DATA SHOWN Start Marker

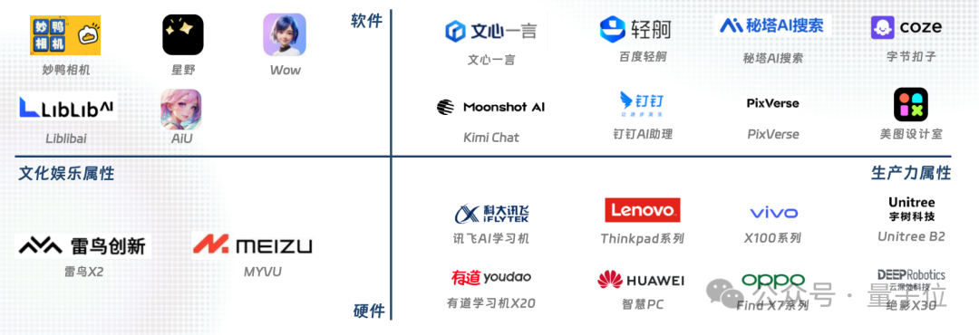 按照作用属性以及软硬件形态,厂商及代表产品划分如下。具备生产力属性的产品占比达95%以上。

DATA SHOWN End Marker
DATA SHOWN Start Marker

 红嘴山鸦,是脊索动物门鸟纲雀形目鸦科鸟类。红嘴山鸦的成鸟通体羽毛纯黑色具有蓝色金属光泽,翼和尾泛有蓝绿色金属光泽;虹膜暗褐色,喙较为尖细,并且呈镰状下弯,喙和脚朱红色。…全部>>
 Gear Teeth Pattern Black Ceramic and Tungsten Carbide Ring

DATA SHOWN End Marker

Look through the entries above and quote exactly the lines from the line with "红嘴山鸦,是脊索动物门鸟纲雀" to the line with "Gear Teeth Pattern", counting both of those lines.

**RESPONSE TO THE TASK**:
 红嘴山鸦,是脊索动物门鸟纲雀形目鸦科鸟类。红嘴山鸦的成鸟通体羽毛纯黑色具有蓝色金属光泽,翼和尾泛有蓝绿色金属光泽;虹膜暗褐色,喙较为尖细,并且呈镰状下弯,喙和脚朱红色。…全部>>
 Gear Teeth Pattern Black Ceramic and Tungsten Carbide Ring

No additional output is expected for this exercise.